Institute for Information Transmission Problems,

Russian Academy of Sciences,

B.Karetnyi Lane, 19, 101447, Moscow, GSP-4, RUSSIA,

e-mail: gitis@iitp.ru,

 http://gis.iitp.ru

 

1.     Introduction

 

Internet opens wide possibilities for specialists to access the remote databases. Due to considerable interest of society to ecology and its importance for vital activity it is reasonable to supply Internet with databases on regional natural hazards and information tools for processing and analysis of geological and geophysical data. The tools have to help the specialists in spatial data mining of natural phenomena and processes.

 

The analytical GIS GeoProcessor [1] (http://www.iitp.ru/projects/geo, http://gis.iitp.ru/, http://borneo.gmd.de/and/geoprocessor) is analytical Web GIS for presentation, modeling  and analysis of environmental and in particularly seismological data. The system supports remote access to geological, geophysical and geographical databases and processing, modeling, analysis and spatial data mining. It helps to estimate and detect properties of geological environment using the set of the plausible inference methods, such as: similarity with precedents, similarity with expert expressions in fuzzy logic constructions, membership functions, nonparametric regression.  

 

The motivation of this paper is development of the seismological problem domain for information technology in scope the IST Project SPIN! [2]. The paper outlines the basic problems of seismic impact forecasting, gives specification of WWW users of seismological GI, considers four basic methods of data mining referring to seismological applications, and discusses the peculiarities of seismological data mining in conclusion.

 

2.     Seismological problem domain

 

2.1.    General methodology

 

There are three principal problems in seismic impact forecasting:

1.      Seismic hazard assessment;

2.      Earthquake prediction.

3.      Induced hazard assessment.

 

General methodology for the solution of these problems consists of three main steps:

(i)                  Assessment of the relationship between seismotectonic attributes or between natural and man-made objects.

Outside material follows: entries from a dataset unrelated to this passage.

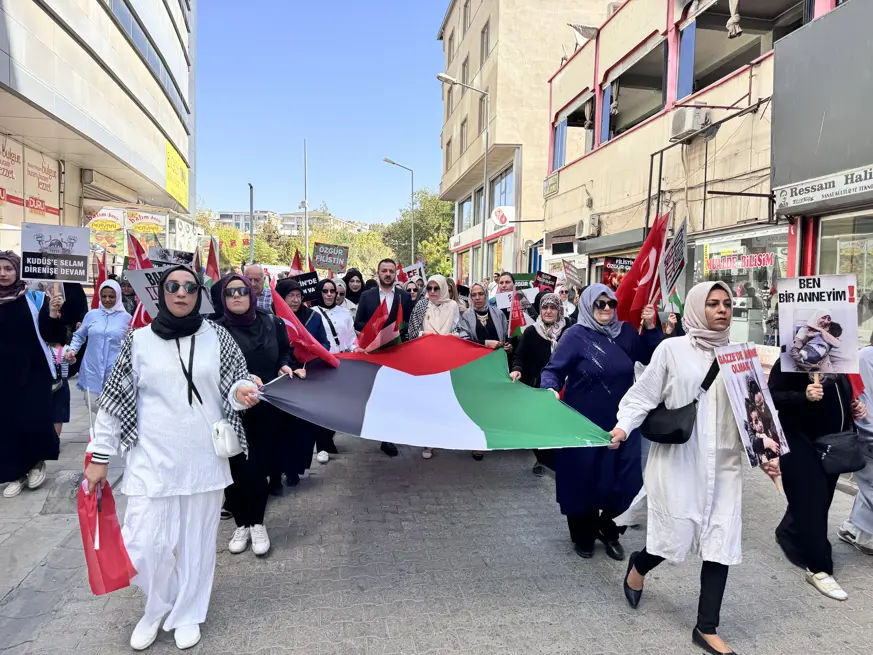 Siirt'te, AK Parti İl Kadın Kollarınca düzenlenen etkinlik kapsamında Siirt Üniversitesi Merkez Kampüsü'nde toplanan katılımcılar, "Filistin özgür olacak", "Ey dünya daha kaç çocuk ölmeli" yazılı dövizlerle, 15 Temmuz Demokrasi Meydanı'na kadar yürüdü.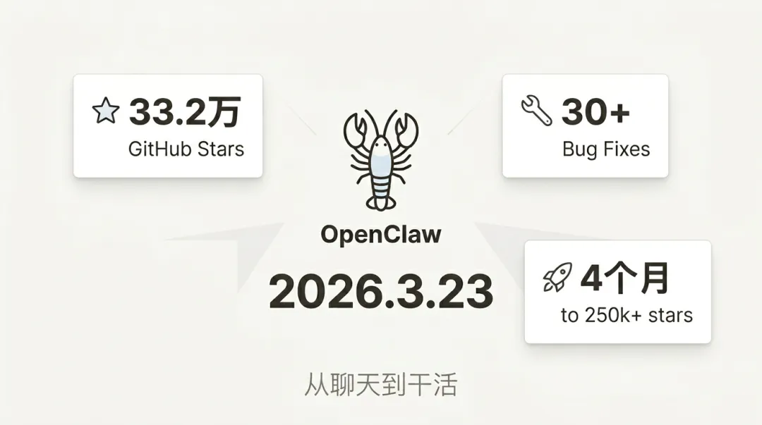 OpenClaw,那个被大家叫做"龙虾"的开源 AI 助手,又更新了。GitHub 上 33.2 万颗星,开发者社区炸锅,连英伟达 CEO 黄仁勋都说它是"有史以来最重要的软件发布"之一。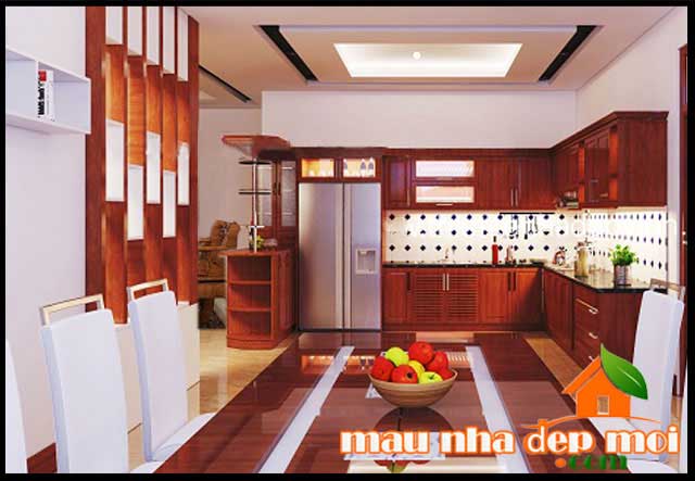 Thiết kế liền kề là phòng ăn khá rộng, đây là nơi sinh hoạt những bữa cơm ngon cùng những câu chuyện vui của các thành viên trong gia đình. Bộ bàn ăn mang đậm phong cách châu Á với gam màu trắng sáng được chị Mai trực tiếp lựa chọn cho ngôi nhà của mình. Đây là nơi quây quần sau một ngày làm việc mệt nhọc cùng nhau chia sẻ những câu chuyện buồn vui.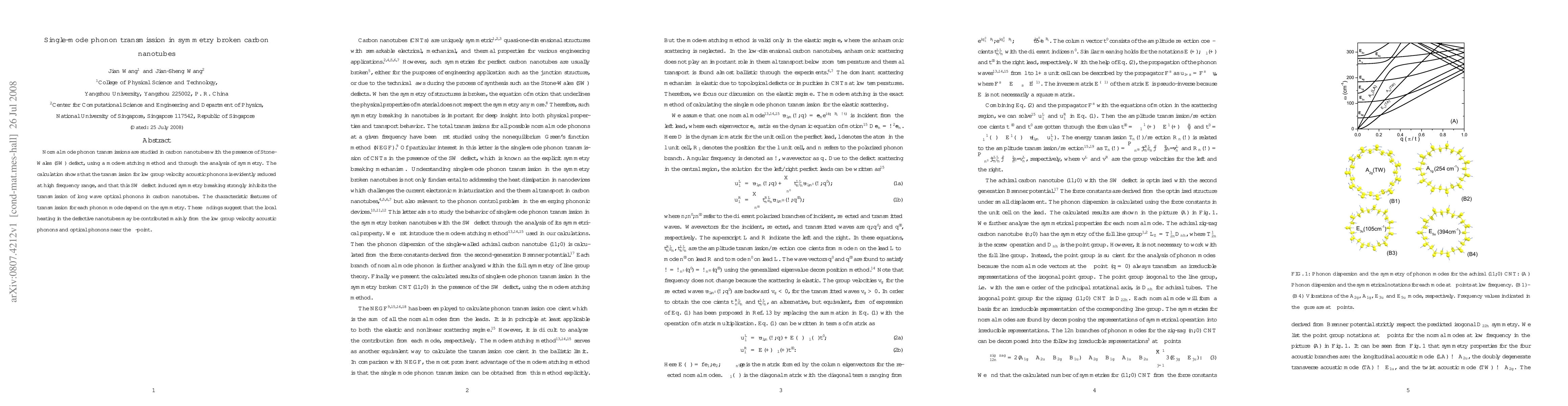 This study investigates phonon transmission in carbon nanotubes with a Stone-Wales defect, revealing that symmetry breaking significantly reduces the transmission of low-frequency acoustic phonons and long-wavelength optical phonons. The findings suggest that local heating in defective nanotubes is primarily due to these phonons.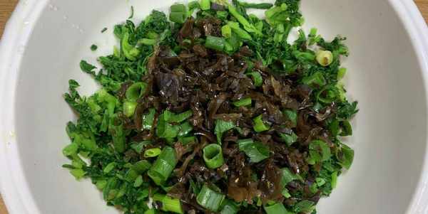 2、把過涼的面條菜撈出來擠幹它裡面的水分,把它放在案板上切成小碎段裝入小盆內,再準備適量的香蔥沖洗切碎,最後把浸泡好的黑木耳也剁碎都放入盆內即可。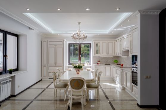 Можно выбрать комнату в едином белом цвете, а можно и в комбинации с другими оттенками. Очень привлекательно смотрится черно-белая и кухня с позолотой. Вкраплений другого цвета может быть совсем немного, но это внесет свою изюминку, добавит изысканности и роскоши.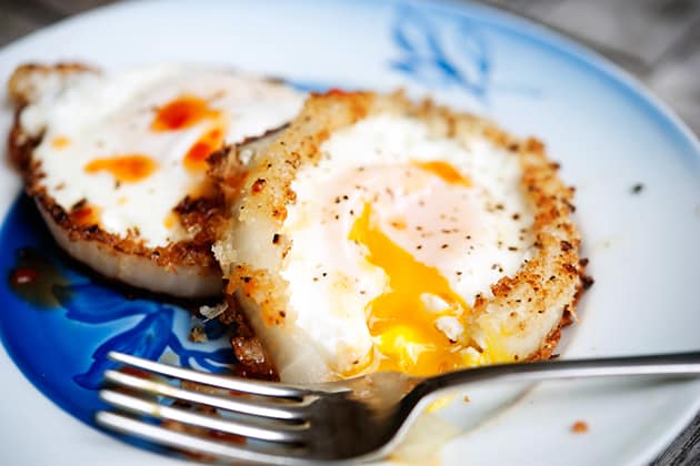 . تناولي حلقات البصل بالبيض مع الخبز.
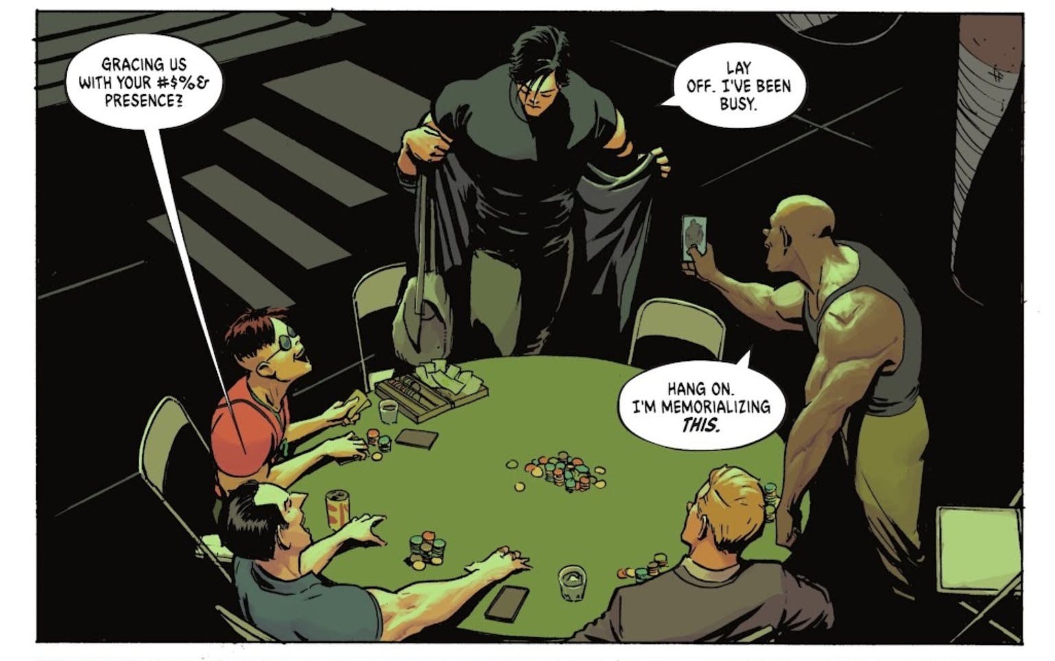 Vergis je niet, dit is nog altijd Batman. Bruce Wayne is slim, getraind in vechten en in principe tegen moord. In principe, want deze versie van Batman is ook boos. Tijdens de eerste confrontatie met zogenaamde Party Animals, bendeleden die burgers bruut vermoorden voor geld via augmented reality-brillen en cryptovaluta, is zijn aanpak weinig subtiel. Sterker nog: zijn tactiek is de frontale aanval, als een eenmansleger de hele bende in één keer schoonvegen. Alfred Pennyworth, in deze realiteit een huurmoordenaar, beschrijft steeds zijn verbazing over de jonge Bruce. Alles aan de 220 kilo wegende kerel is groot, bruut en angstaanjagend. Zijn pak? Vol stekels en verborgen messen. De Batmobiel? Een gigantische truck die Alfreds zorgvuldig opgebouwde geheime identiteit in één bloedstollende rit overboord gooit.

(ii)                Prediction of the target seismological attributes or detection of the target seismological objects.

(iii)               Representation of the result for cartographic exploration.

 

2.2.    Seismic hazard assessment

 

Seismic hazard assessment consists in two problems: estimation of seismic regime parameters and estimation of seismic shakeability (Fig. 1). Seismic regime according to Gutenberg-Richter model [3] is determined by the following 3 parameters: intensity of seismic flow, coefficient of decreasing linear relationship between the logarithm of a number of events and their magnitudes, and maximal possible magnitude (Mmax) of expected earthquake. Shakeability defines seismic impact on the earth surface in the MSK-64, EMS-98 [4] intensity scales or in acceleration scale. Shakeability at the point is calculated as a sum of seismic impacts of all seismic sources taking into account spatial damping of seismic energy with distances from seismic sources.

 

The following initial data are used for seismic hazard assessment: earthquake catalogue, data about state and tendencies of evolution of geological environment, expert knowledge/hypotheses about the geodynamic regional models and expert solutions.

 

The most difficult and important problem is estimation of Mmax spatial distribution [5, 6]. Complexity of the problem is necessity to estimate rare and extreme event under the condition of incomplete information. Economy and social consequences due to underestimation or overestimation of Mmax define importance of the problem. Problem solution is based on historical facts about earthquake repetition and on suggestion about relationship between Mmax and seismotectonic earth crust properties, which are very slowly changed in time.

 

 

Fig. 1. Sesimic hazard assessment.

 

2.3.    Earthquake prediction

 

The problem [7, 8, 9, 10, 11, 12, 13] consists in detection of effective earthquake precursors and in using the precursors for estimation of time, place and energy of expected earthquake (Fig.2). There are no effective solutions of this problem till nowadays in spite of the great common activity of specialists of different disciplines. Earthquake catalogues, geomonitoring time series, data about stationary seismotectonic properties of geological environment, and expert knowledge and hypotheses about earthquake precursors are used to solve this problem. Complexity of the problem consists in the great uncertainty in the model of earthquake preparation process, limited volume of the measurements, high level of noise in data, and presence of different effects, which trigger the earthquakes.

 

 

Fig. 2. Earthquake prediction.

 

2.4.    Induced hazard assessment

 

Earthquake can induce another natural and man-made catastrophes (Fig. 3). The model of induced hazard assessment was proposed in [14, 15]. It considers a system that consists of interacting subsystems, such as different elements of the environment, economical structures, or nodes of energetic or information networks. Each of these subsystems can be in several states: the normal state and a number of states representing some degree of damage. It is supposed that a damage in a certain subsystem can cause a damage in another one. The model allows to incorporate the following data: a set of hazard objects, expert knowledge about possible damage states of the objects, expert knowledge about paired links between the objects, estimations of probabilities of spontaneous catastrophes, the expert evaluations of probabilities for one catastrophe to induce directly another catastrophe. The model is presented as the oriented graph nodes of which are all possible catastrophes and arrows are probabilities of induced catastrophes.

 

 

Fig. 3. Induced hazard assessment.

 

3.   Users of seismological Web GISs

 

Seismological Web GISs [17] have two classes of users: seismological GI suppliers and seismological GI consumers.

 

The objectives of seismological GI suppliers are the following:

1.      Dissemination of knowledge on historical and current seismicity.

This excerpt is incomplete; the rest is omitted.